## REQUIRED WORK
Output each record exactly, excluding pictures.
┌─ RECORDED INFORMATION
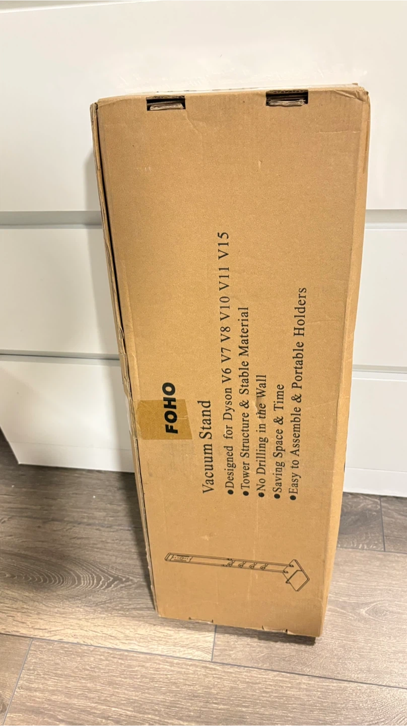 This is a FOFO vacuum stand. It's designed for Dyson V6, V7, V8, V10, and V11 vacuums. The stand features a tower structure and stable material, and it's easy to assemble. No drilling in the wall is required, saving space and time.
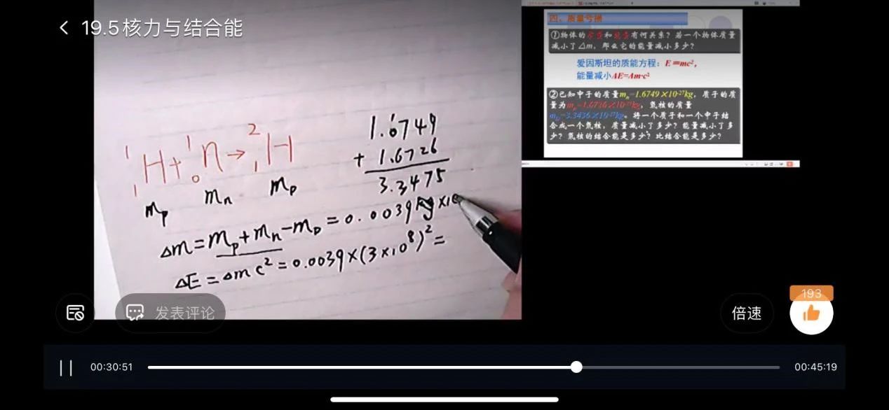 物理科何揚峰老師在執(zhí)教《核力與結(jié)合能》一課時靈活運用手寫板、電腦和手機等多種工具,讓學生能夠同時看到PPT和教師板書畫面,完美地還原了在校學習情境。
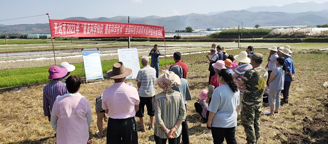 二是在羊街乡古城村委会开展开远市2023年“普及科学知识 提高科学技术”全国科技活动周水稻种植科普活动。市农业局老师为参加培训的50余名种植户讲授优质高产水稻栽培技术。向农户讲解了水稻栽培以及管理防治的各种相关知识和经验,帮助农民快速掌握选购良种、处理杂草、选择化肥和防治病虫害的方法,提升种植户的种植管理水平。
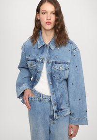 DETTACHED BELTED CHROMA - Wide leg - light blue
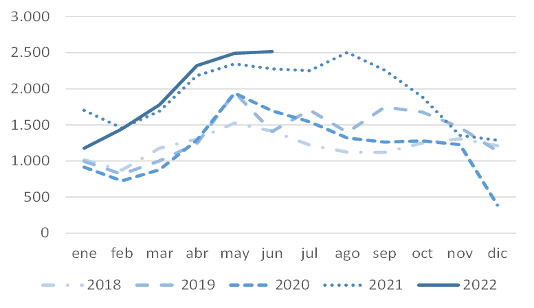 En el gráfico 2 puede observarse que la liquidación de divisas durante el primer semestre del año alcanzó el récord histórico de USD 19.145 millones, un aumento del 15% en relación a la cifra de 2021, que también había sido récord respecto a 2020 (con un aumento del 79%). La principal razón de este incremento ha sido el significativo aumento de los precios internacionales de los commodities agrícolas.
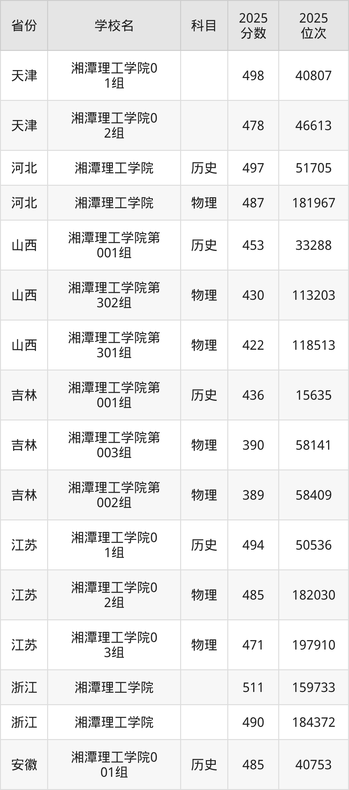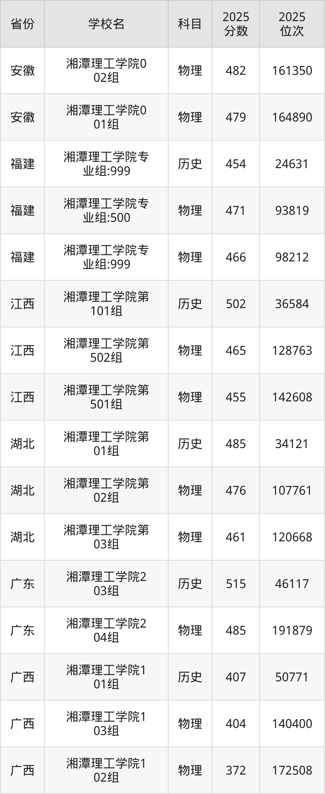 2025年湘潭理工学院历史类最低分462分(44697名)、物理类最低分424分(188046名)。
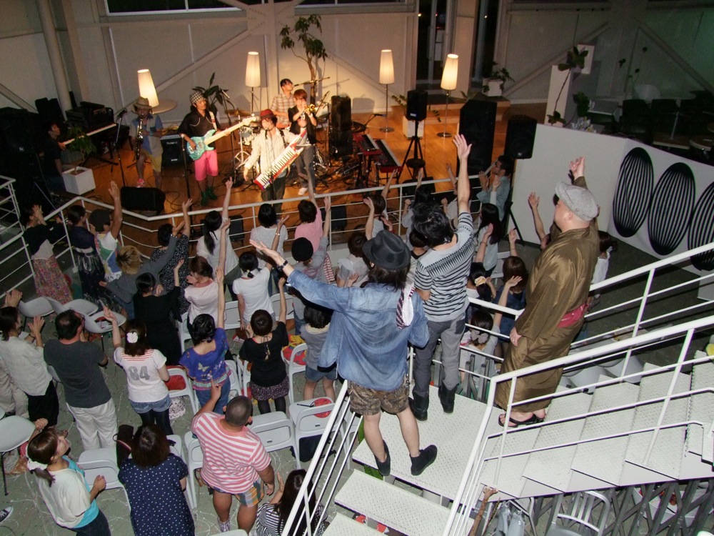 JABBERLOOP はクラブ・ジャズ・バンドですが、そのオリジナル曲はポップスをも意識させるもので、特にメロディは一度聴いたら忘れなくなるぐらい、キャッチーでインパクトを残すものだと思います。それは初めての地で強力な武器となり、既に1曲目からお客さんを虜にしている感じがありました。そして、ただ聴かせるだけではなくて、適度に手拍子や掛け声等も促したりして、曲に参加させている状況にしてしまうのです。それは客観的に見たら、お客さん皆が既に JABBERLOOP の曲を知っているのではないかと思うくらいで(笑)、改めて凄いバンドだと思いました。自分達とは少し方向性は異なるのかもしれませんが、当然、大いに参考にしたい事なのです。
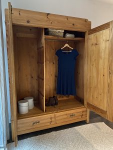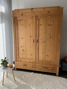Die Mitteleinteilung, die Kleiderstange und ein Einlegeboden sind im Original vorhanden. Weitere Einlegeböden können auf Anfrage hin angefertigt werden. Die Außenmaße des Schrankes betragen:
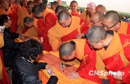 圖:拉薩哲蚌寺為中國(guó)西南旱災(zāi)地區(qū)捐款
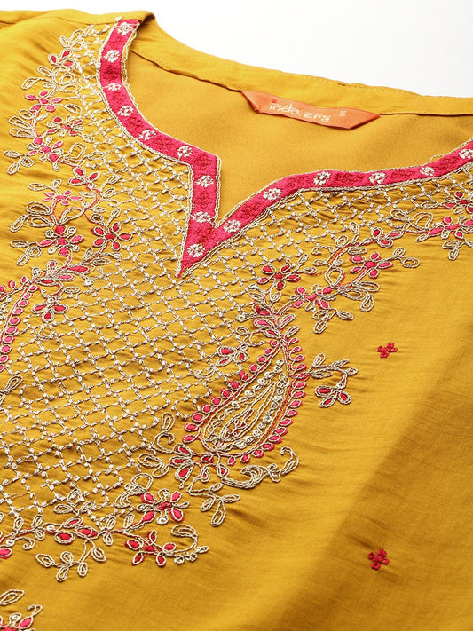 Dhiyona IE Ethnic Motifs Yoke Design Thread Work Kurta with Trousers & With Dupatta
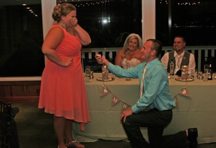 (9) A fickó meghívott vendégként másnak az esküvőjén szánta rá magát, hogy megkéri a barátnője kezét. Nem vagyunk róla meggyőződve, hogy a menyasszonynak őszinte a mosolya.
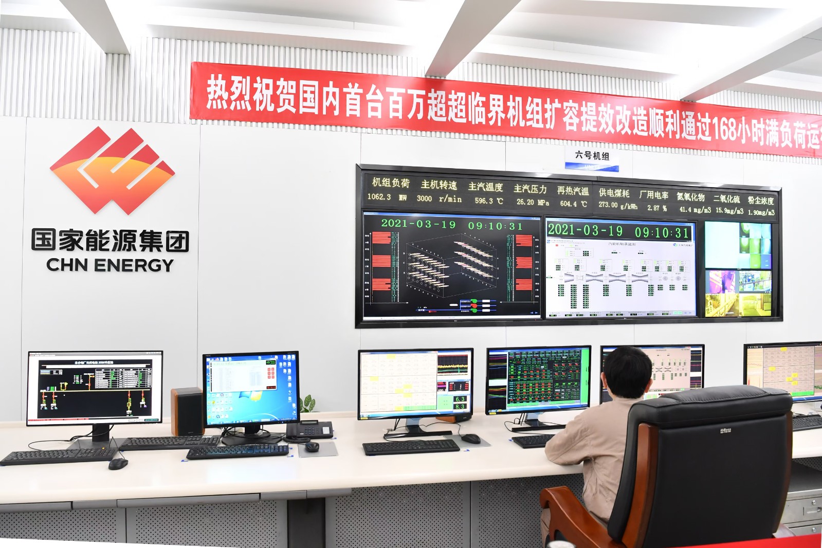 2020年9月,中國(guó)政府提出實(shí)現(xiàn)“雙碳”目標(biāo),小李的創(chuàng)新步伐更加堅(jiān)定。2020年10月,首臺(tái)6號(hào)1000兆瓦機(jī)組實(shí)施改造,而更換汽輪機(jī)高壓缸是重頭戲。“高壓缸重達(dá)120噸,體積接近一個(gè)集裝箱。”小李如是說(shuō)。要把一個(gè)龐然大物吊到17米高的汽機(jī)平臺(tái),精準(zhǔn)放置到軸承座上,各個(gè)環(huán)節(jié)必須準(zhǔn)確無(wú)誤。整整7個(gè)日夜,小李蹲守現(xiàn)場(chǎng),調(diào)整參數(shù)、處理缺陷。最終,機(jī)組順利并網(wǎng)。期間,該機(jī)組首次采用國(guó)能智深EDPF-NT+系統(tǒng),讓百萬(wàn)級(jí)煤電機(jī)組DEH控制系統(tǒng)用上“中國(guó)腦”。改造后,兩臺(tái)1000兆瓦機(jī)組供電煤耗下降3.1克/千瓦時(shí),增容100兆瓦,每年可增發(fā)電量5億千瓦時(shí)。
└─
## ANSWER BOX
 This is a FOFO vacuum stand. It's designed for Dyson V6, V7, V8, V10, and V11 vacuums. The stand features a tower structure and stable material, and it's easy to assemble. No drilling in the wall is required, saving space and time.
 物理科何揚峰老師在執(zhí)教《核力與結(jié)合能》一課時靈活運用手寫板、電腦和手機等多種工具,讓學生能夠同時看到PPT和教師板書畫面,完美地還原了在校學習情境。
 二是在羊街乡古城村委会开展开远市2023年“普及科学知识 提高科学技术”全国科技活动周水稻种植科普活动。市农业局老师为参加培训的50余名种植户讲授优质高产水稻栽培技术。向农户讲解了水稻栽培以及管理防治的各种相关知识和经验,帮助农民快速掌握选购良种、处理杂草、选择化肥和防治病虫害的方法,提升种植户的种植管理水平。
 DETTACHED BELTED CHROMA - Wide leg - light blue
 En el gráfico 2 puede observarse que la liquidación de divisas durante el primer semestre del año alcanzó el récord histórico de USD 19.145 millones, un aumento del 15% en relación a la cifra de 2021, que también había sido récord respecto a 2020 (con un aumento del 79%). La principal razón de este incremento ha sido el significativo aumento de los precios internacionales de los commodities agrícolas.
 2025年湘潭理工学院历史类最低分462分(44697名)、物理类最低分424分(188046名)。
 JABBERLOOP はクラブ・ジャズ・バンドですが、そのオリジナル曲はポップスをも意識させるもので、特にメロディは一度聴いたら忘れなくなるぐらい、キャッチーでインパクトを残すものだと思います。それは初めての地で強力な武器となり、既に1曲目からお客さんを虜にしている感じがありました。そして、ただ聴かせるだけではなくて、適度に手拍子や掛け声等も促したりして、曲に参加させている状況にしてしまうのです。それは客観的に見たら、お客さん皆が既に JABBERLOOP の曲を知っているのではないかと思うくらいで(笑)、改めて凄いバンドだと思いました。自分達とは少し方向性は異なるのかもしれませんが、当然、大いに参考にしたい事なのです。
Die Mitteleinteilung, die Kleiderstange und ein Einlegeboden sind im Original vorhanden. Weitere Einlegeböden können auf Anfrage hin angefertigt werden. Die Außenmaße des Schrankes betragen:
 圖:拉薩哲蚌寺為中國(guó)西南旱災(zāi)地區(qū)捐款
 Dhiyona IE Ethnic Motifs Yoke Design Thread Work Kurta with Trousers & With Dupatta
 (9) A fickó meghívott vendégként másnak az esküvőjén szánta rá magát, hogy megkéri a barátnője kezét. Nem vagyunk róla meggyőződve, hogy a menyasszonynak őszinte a mosolya.
 2020年9月,中國(guó)政府提出實(shí)現(xiàn)“雙碳”目標(biāo),小李的創(chuàng)新步伐更加堅(jiān)定。2020年10月,首臺(tái)6號(hào)1000兆瓦機(jī)組實(shí)施改造,而更換汽輪機(jī)高壓缸是重頭戲。“高壓缸重達(dá)120噸,體積接近一個(gè)集裝箱。”小李如是說(shuō)。要把一個(gè)龐然大物吊到17米高的汽機(jī)平臺(tái),精準(zhǔn)放置到軸承座上,各個(gè)環(huán)節(jié)必須準(zhǔn)確無(wú)誤。整整7個(gè)日夜,小李蹲守現(xiàn)場(chǎng),調(diào)整參數(shù)、處理缺陷。最終,機(jī)組順利并網(wǎng)。期間,該機(jī)組首次采用國(guó)能智深EDPF-NT+系統(tǒng),讓百萬(wàn)級(jí)煤電機(jī)組DEH控制系統(tǒng)用上“中國(guó)腦”。改造后,兩臺(tái)1000兆瓦機(jī)組供電煤耗下降3.1克/千瓦時(shí),增容100兆瓦,每年可增發(fā)電量5億千瓦時(shí)。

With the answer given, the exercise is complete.